§ About this task
The line holding "Die Kalkumer Freiwillige" is the last one to output; start at the first line of the data, keep every line in between exactly, and leave out pictures.

§ Material shown

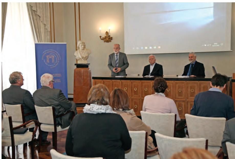
Na posvetu o prehranski varnosti so problematiko osvetlili s slovenskega vidika. / The Slovenian perspective on food safety-related issues was presented at the same name symposium.
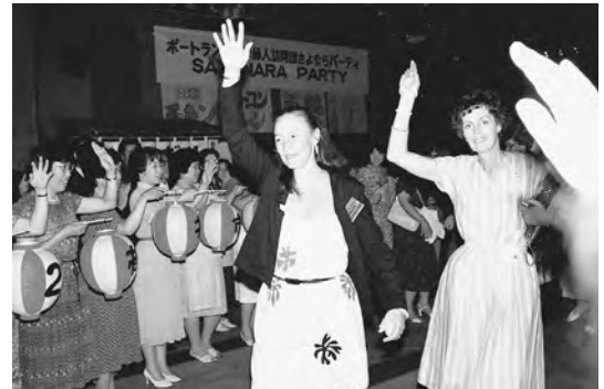
1983年7月 少年婦人訪問団さよならパーティ
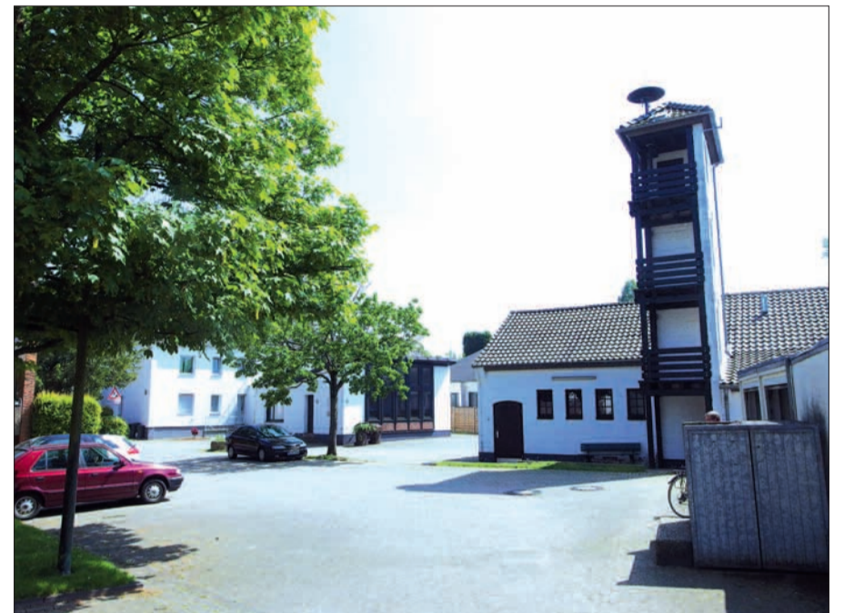
Die Kalkumer Freiwillige Feuerwehr gehört ins Dorf wie der Verbandkasten in Küchenschrank und Kofferraum.

Feuermelder-beratung und Erläuterungen zur oft lebensrettenden „Rescue-Card“ im Auto ist keine Voranmeldung erforderlich. Natürlich gibt es auch sonst alle Informationen rund um die Feuerwehr (retten, löschen, helfen, bergen), auch wie man selbst eine(r) der dringend benötigten freiwilligen Feuerwehrmänner/frauen werden kann. H.S.
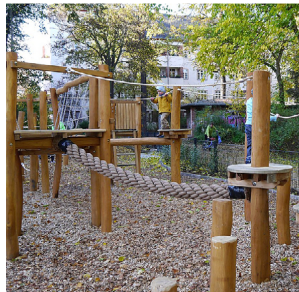
Der langgestreckte Kletterparcours aus niedrigen Stämmen und Seilen
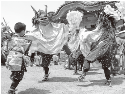
石原町、石原のささら獅子舞

また、体に太鼓をつけて三匹で舞う三匹獅子舞は、東日本の各地でよく見られます。川越の獅子舞は、こうした東日本の獅子舞の特徴をよく伝えていきます。
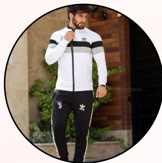
Ropa deportiva / Sudaderas
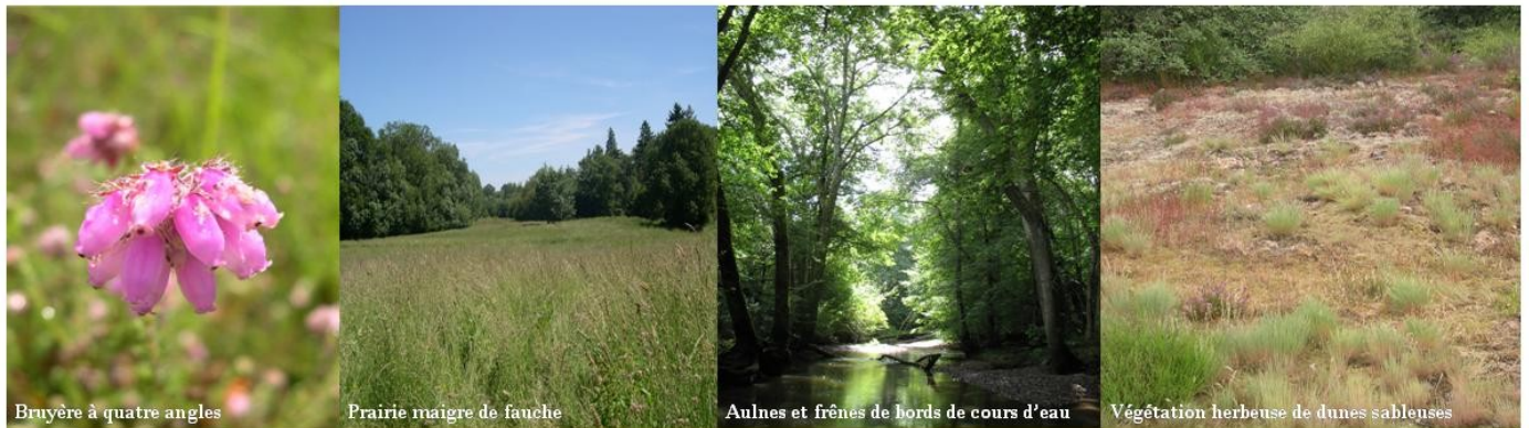
Bruyère à quatre angles
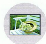
Fixed Projection Screen
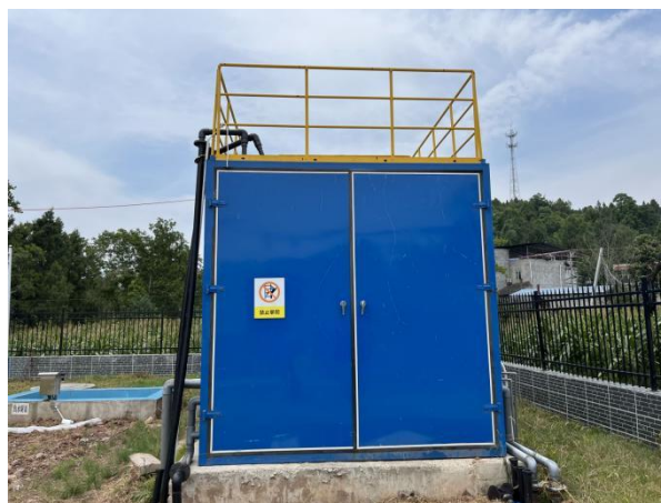
图 3-2 全封闭的一体化污水处理设备
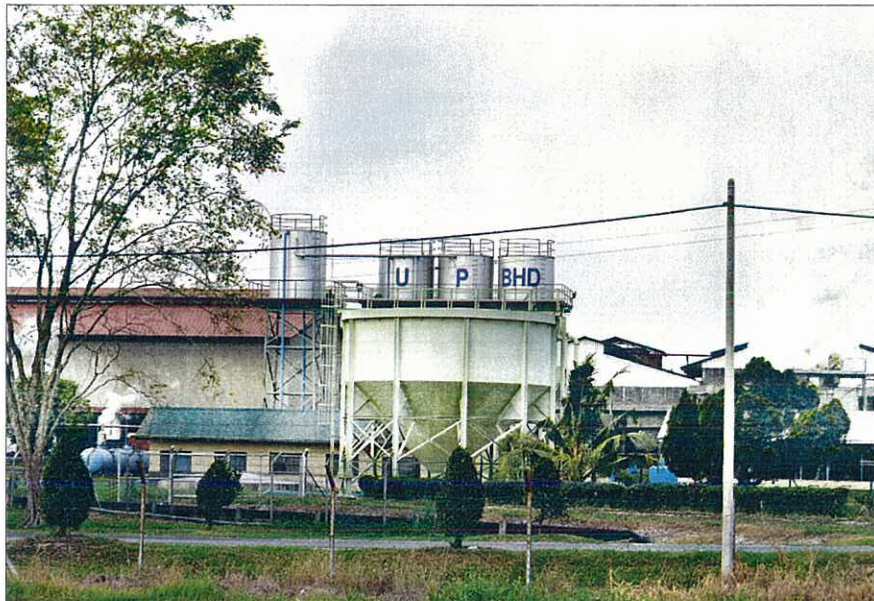
HOVEDKONTOR. United Plantations siger, at de laver sundhedsstjek på deres arbejdere. Men de arbejdere, som Politiken har talt med, siger, at de sjældent får hjælp på United Plantations sundhedsklinikker.

United Plantations havde sidste år et underskud på over en halv milliard kroner efter skat. Virksomheden afviser alle beskyldninger om, at arbejderes sikkerhed ikke er i orden.
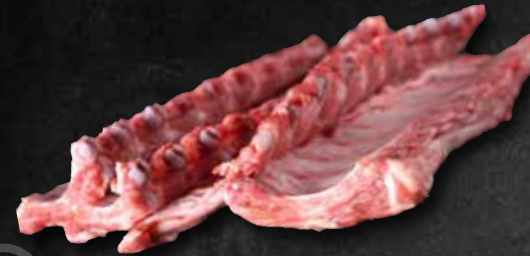
Leiterle „Babybackribs“ 263094
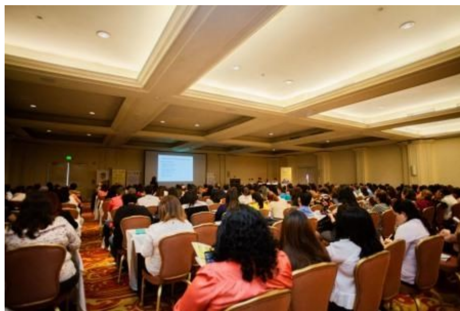
Una de las sesiones celebradas durante el seminario.

Actualmente, y como principales líneas de trabajo, llevamos a cabo el fortalecimiento de las capacidades del sector público a diferentes niveles, apoyando la aplicación de la legislación vigente en la materia con acciones que van desde lo nacional, con el trabajo con el Ministerio de Justicia y Seguridad Pública y la Policía Nacional Civil, a lo local, con el apoyo a corporaciones municipales y la coordinación local en su lucha contra la violencia machista. También hay un
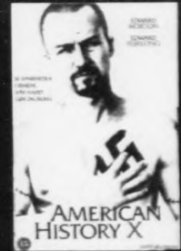
AMERICAN HISTORY X
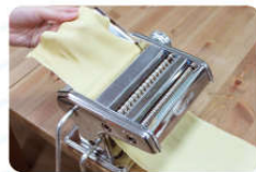
08 选择适合厚度压面皮 (参考档位说明)
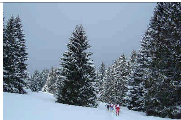
Magnifique course de ski de fonds à travers les pâturages boisés du Jura
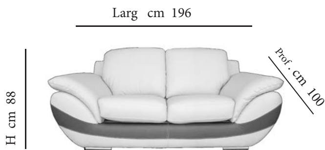
Divano 2 posti - cm 196
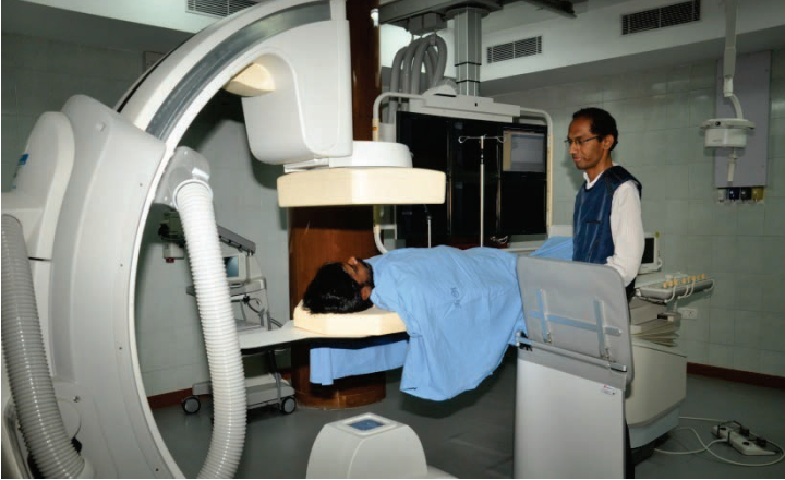
கேத் லேப் பன்னோக்கு உயர் சிறப்பு மருத்துவமனை
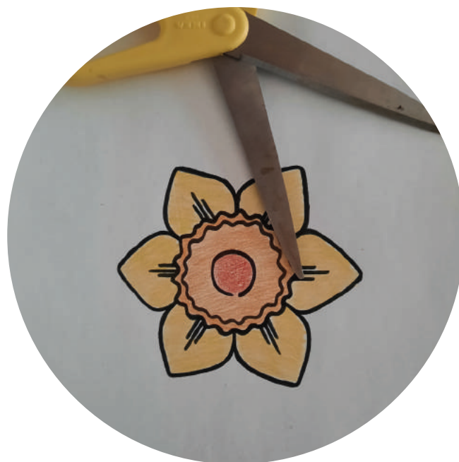
Stap 2: Knip je narcis netjes uit. Zorg ervoor dat je de randen van de blaadjes goed doorknipt en niet in je cirkel knipt.
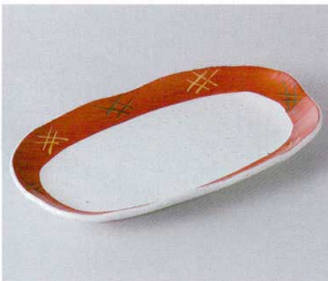
18818-026 1,150円 260218818 赤帯焼物皿 (223×128×25mm)
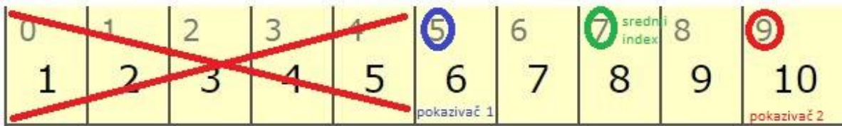
Slika 5. Binary pokazivači 2.korak

Zatim pomiče pokazivače na najmanju, najveću i srednju indeksnu vrijednost (kao što vidimo na slici 5) te ponovo uspoređuje vrijednost na kojoj se nalazi srednji indeks s traženom vrijednošću. U našem slučaju ponovno zanemaruje lijevu stranu liste jer tražena vrijednost je 9, a srednja je 8 tako da tražena vrijednost je veća od srednje, te zaključuje da se nalazi na desnoj strani od srednjeg indexa pa dobijemo slijedeće:
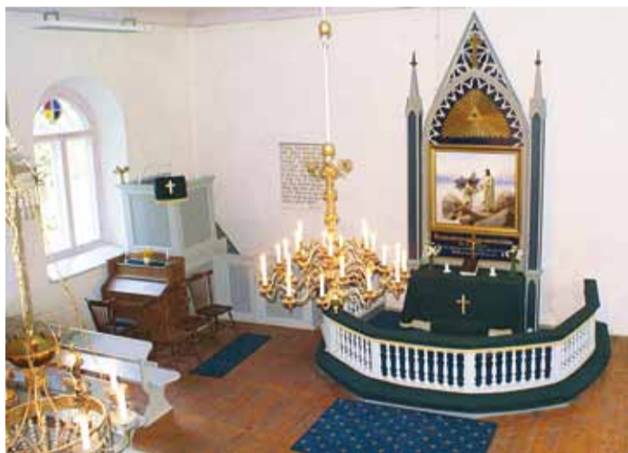
Randvere kirik saab tänava 160-aastaseks.

§ Output for this exercise
Na posvetu o prehranski varnosti so problematiko osvetlili s slovenskega vidika. / The Slovenian perspective on food safety-related issues was presented at the same name symposium.
1983年7月 少年婦人訪問団さよならパーティ
Die Kalkumer Freiwillige Feuerwehr gehört ins Dorf wie der Verbandkasten in Küchenschrank und Kofferraum.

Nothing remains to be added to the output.